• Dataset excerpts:
=== Section Start ===

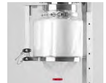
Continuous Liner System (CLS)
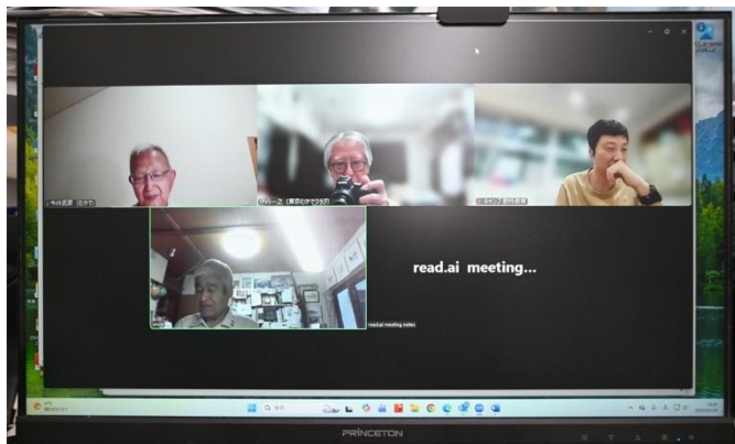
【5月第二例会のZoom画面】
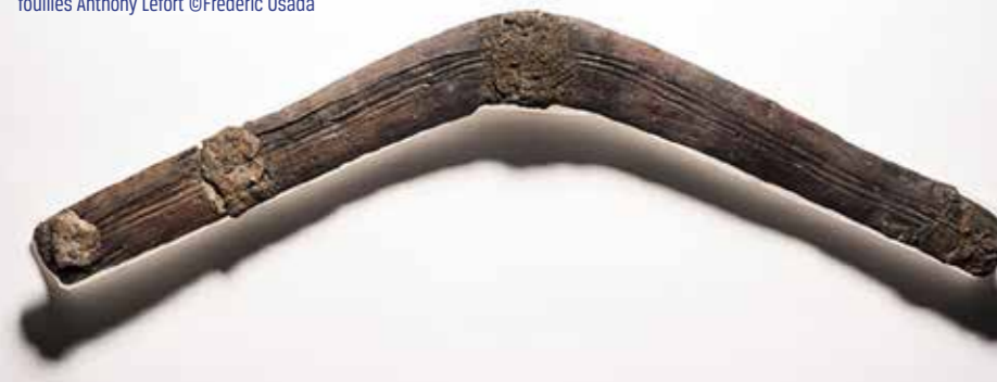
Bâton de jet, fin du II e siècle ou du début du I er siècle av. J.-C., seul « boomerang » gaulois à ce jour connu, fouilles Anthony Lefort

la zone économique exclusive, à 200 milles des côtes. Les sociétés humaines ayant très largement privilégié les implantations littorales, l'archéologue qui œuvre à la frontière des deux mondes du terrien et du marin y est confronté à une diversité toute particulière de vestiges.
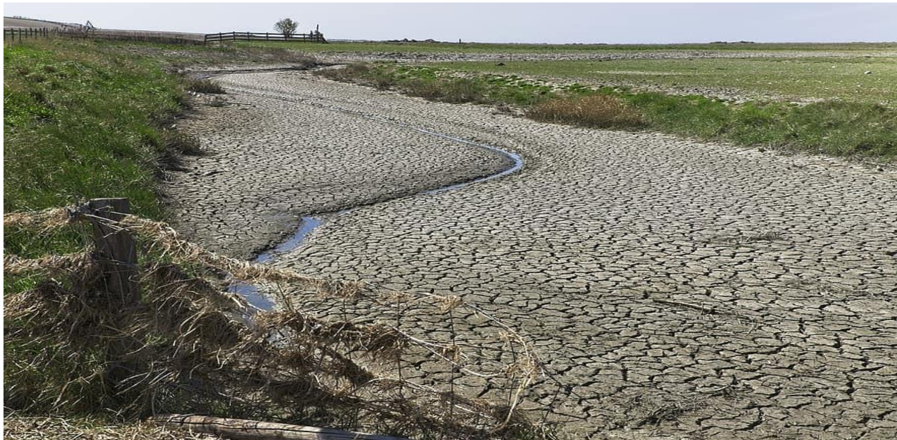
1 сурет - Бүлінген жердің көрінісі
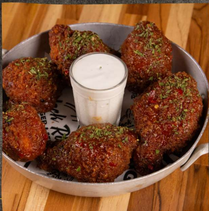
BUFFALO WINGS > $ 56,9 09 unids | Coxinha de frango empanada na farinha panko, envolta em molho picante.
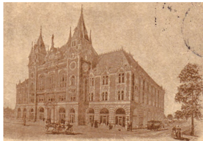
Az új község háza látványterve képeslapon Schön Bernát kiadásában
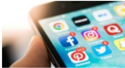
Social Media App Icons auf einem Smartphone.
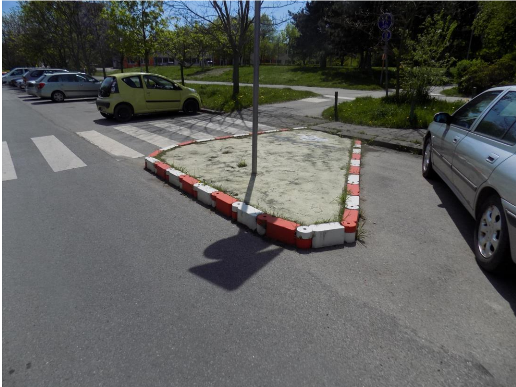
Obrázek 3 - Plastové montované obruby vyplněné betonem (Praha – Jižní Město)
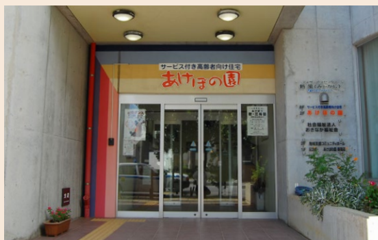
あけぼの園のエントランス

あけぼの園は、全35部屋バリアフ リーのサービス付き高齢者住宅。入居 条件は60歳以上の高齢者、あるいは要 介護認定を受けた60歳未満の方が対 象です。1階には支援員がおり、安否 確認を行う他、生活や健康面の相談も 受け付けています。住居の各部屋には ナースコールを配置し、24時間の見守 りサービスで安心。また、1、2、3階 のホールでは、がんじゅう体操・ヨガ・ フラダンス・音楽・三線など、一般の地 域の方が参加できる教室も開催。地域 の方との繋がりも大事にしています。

=== Section End ===

• ASSIGNED TASK:
The span to give again runs from the line with "あけぼの園のエントランス" through the last line of the records above; reproduce it exactly and nothing more.

• RESPONSE BOX:
あけぼの園のエントランス

あけぼの園は、全35部屋バリアフ リーのサービス付き高齢者住宅。入居 条件は60歳以上の高齢者、あるいは要 介護認定を受けた60歳未満の方が対 象です。1階には支援員がおり、安否 確認を行う他、生活や健康面の相談も 受け付けています。住居の各部屋には ナースコールを配置し、24時間の見守 りサービスで安心。また、1、2、3階 のホールでは、がんじゅう体操・ヨガ・ フラダンス・音楽・三線など、一般の地 域の方が参加できる教室も開催。地域 の方との繋がりも大事にしています。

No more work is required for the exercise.